**Work instructions**
What is wanted is every line below from the one with "Утепленная пенополиуретаном стена, готовая" up to and including the one with "Brasília, Curitiba, Belo", retyped exactly, pictures excluded, nothing else.

Start of Exercise data

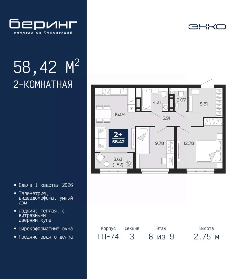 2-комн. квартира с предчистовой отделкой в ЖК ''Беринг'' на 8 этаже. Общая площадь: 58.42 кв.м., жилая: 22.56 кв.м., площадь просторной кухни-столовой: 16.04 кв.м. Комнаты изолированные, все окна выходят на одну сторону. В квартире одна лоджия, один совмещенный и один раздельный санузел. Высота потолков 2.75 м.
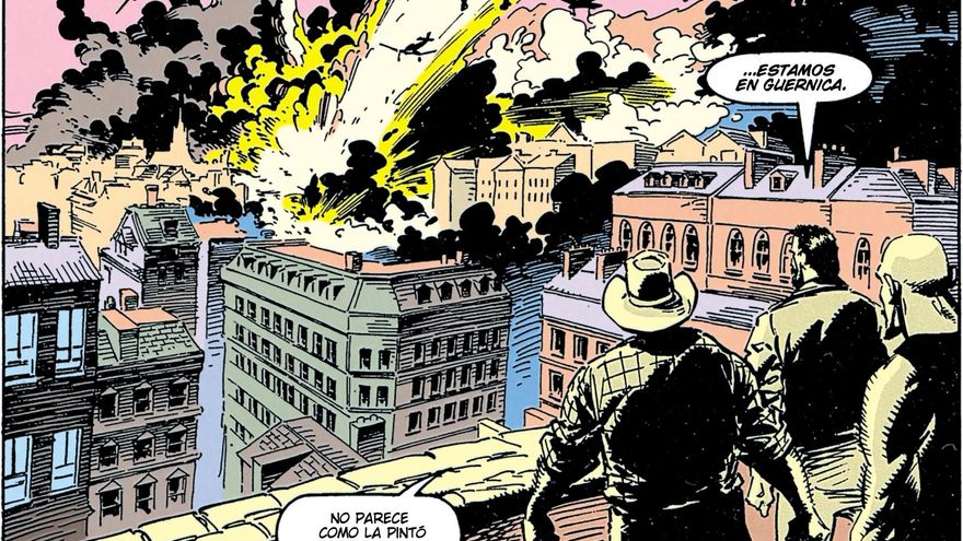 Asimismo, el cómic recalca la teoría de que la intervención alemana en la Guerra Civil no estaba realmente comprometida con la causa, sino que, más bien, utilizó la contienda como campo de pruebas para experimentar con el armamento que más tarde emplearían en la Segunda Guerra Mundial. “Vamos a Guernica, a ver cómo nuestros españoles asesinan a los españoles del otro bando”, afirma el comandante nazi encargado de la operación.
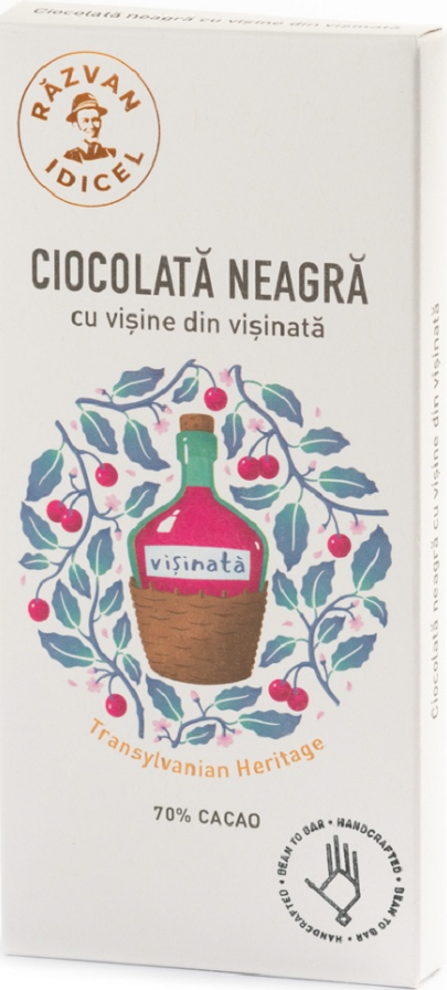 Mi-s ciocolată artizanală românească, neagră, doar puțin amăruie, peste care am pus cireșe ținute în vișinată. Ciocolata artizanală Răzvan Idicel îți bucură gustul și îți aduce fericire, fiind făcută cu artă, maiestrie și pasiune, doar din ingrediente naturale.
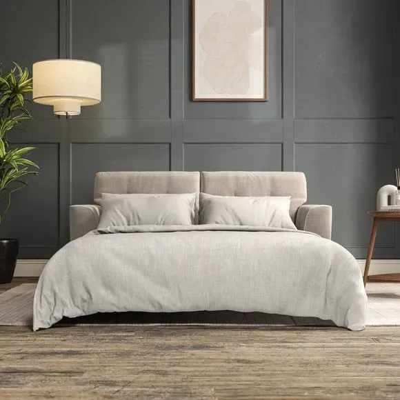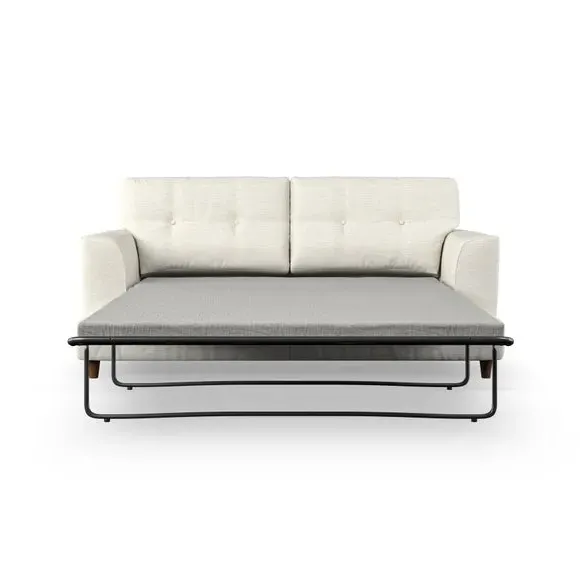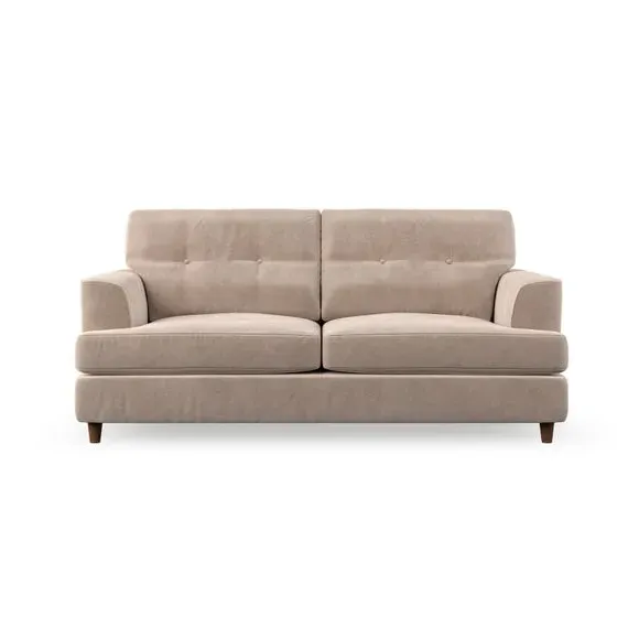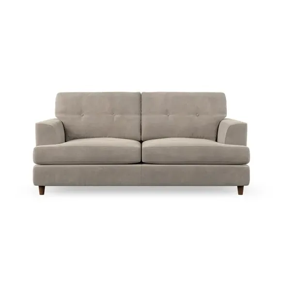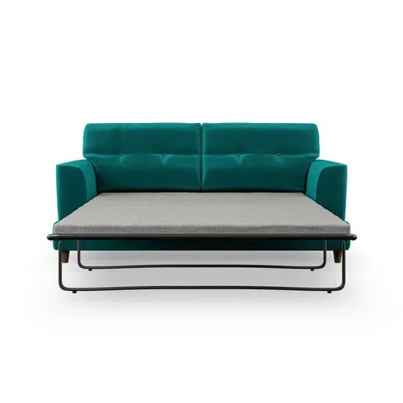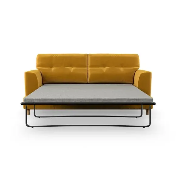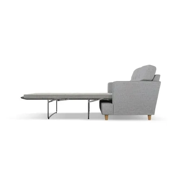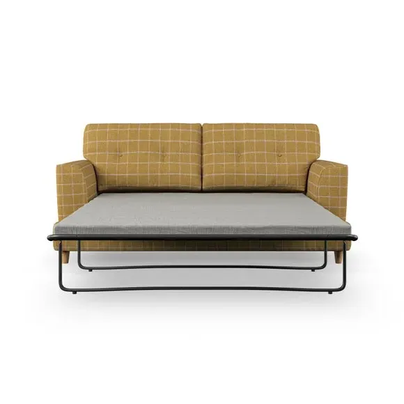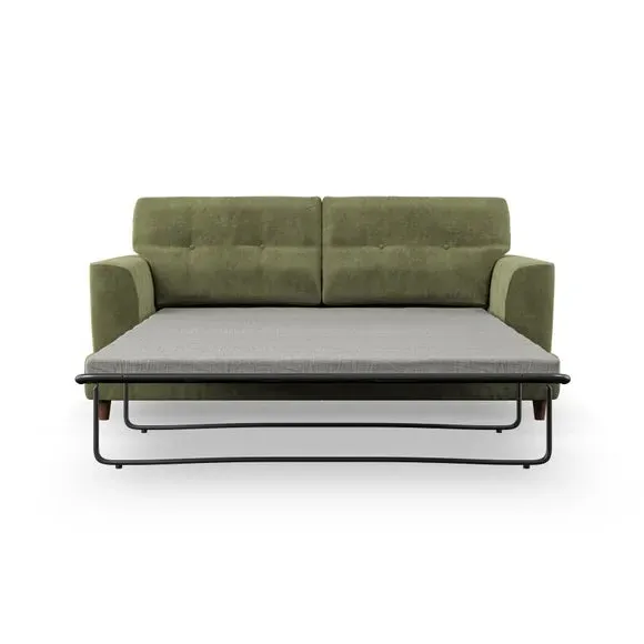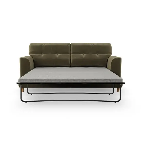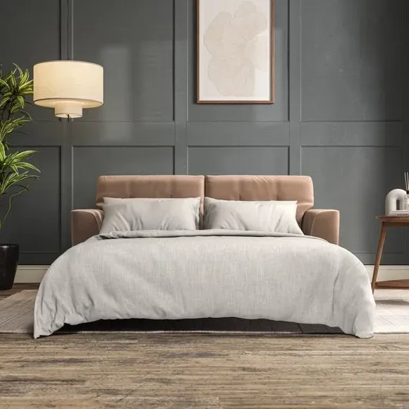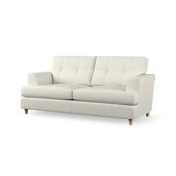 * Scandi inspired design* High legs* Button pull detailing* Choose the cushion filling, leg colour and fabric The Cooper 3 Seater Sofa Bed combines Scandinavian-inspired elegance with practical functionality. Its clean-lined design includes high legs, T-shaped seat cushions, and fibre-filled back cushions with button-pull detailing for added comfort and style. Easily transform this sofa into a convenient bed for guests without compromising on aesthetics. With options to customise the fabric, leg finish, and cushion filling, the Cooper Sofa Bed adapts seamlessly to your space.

End of Exercise data
Start of Exercise data

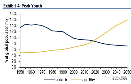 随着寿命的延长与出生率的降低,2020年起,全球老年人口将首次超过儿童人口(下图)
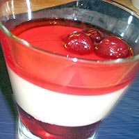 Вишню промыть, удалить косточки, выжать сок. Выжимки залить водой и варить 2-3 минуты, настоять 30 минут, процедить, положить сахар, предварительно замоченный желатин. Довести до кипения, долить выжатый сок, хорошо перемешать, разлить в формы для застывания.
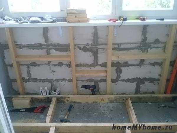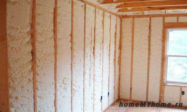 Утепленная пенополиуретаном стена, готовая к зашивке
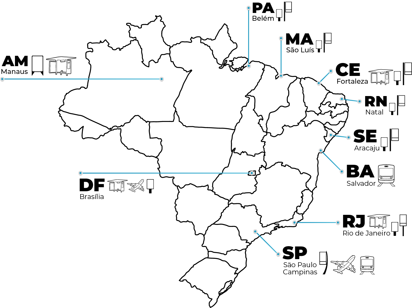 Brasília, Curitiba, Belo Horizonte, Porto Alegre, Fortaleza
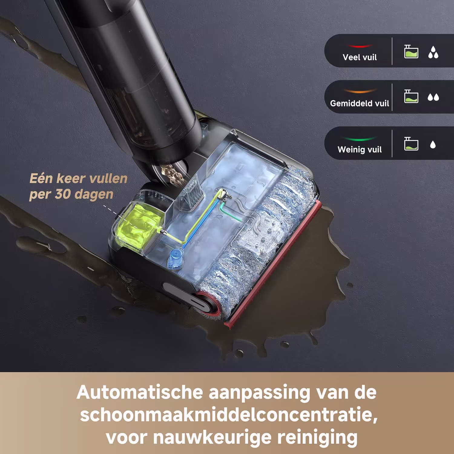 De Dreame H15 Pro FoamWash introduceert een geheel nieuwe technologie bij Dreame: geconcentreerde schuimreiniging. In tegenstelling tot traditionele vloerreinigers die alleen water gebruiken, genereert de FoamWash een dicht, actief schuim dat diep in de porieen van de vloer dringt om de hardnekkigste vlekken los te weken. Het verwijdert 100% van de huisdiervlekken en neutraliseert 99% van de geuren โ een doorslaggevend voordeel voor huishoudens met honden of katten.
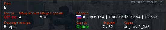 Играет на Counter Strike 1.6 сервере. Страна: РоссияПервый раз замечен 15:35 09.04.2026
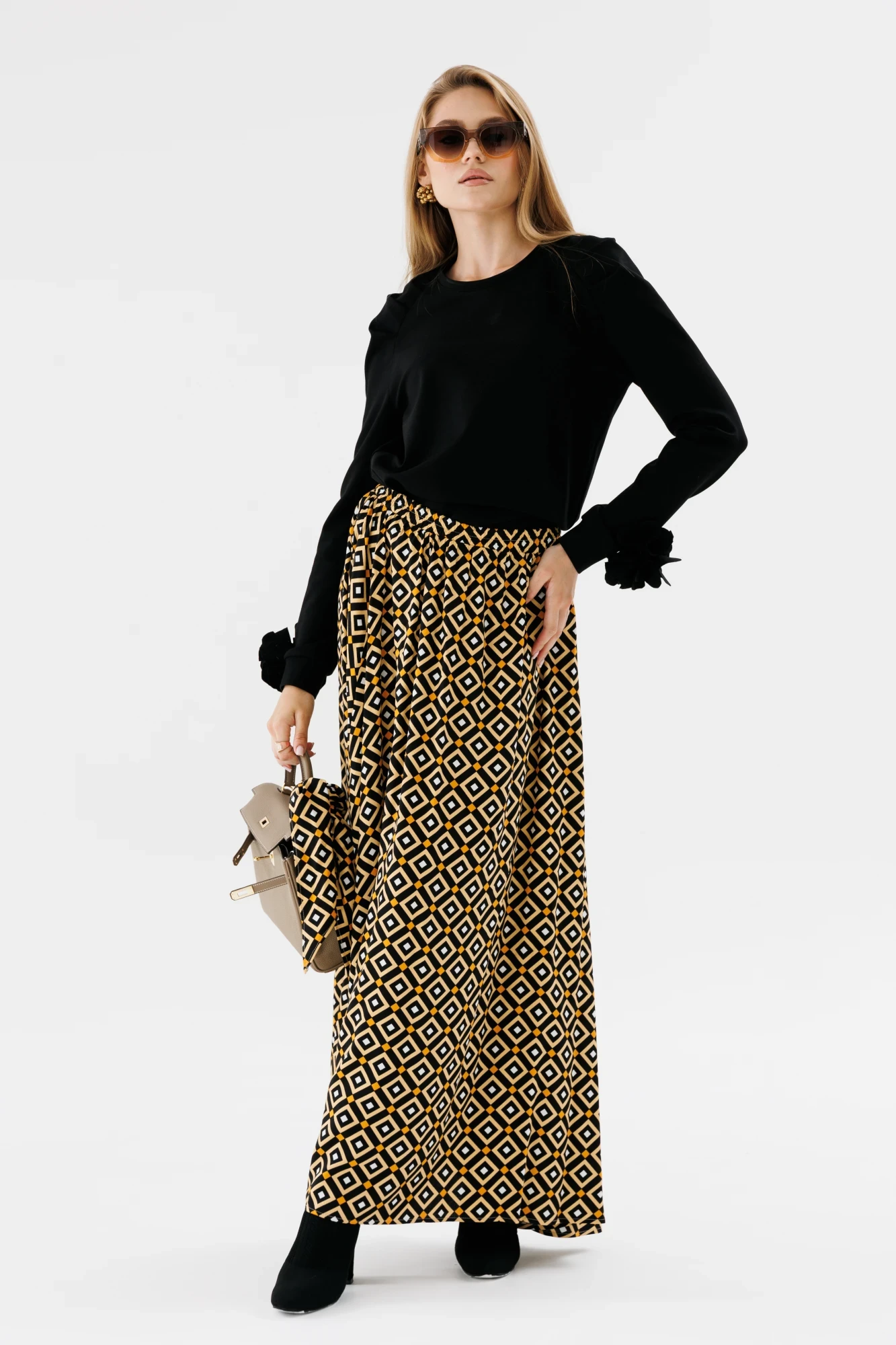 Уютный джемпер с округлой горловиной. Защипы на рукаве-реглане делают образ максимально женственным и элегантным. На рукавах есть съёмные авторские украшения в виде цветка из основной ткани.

End of Exercise data

**Reply to the task**
 Утепленная пенополиуретаном стена, готовая к зашивке
 Brasília, Curitiba, Belo Horizonte, Porto Alegre, Fortaleza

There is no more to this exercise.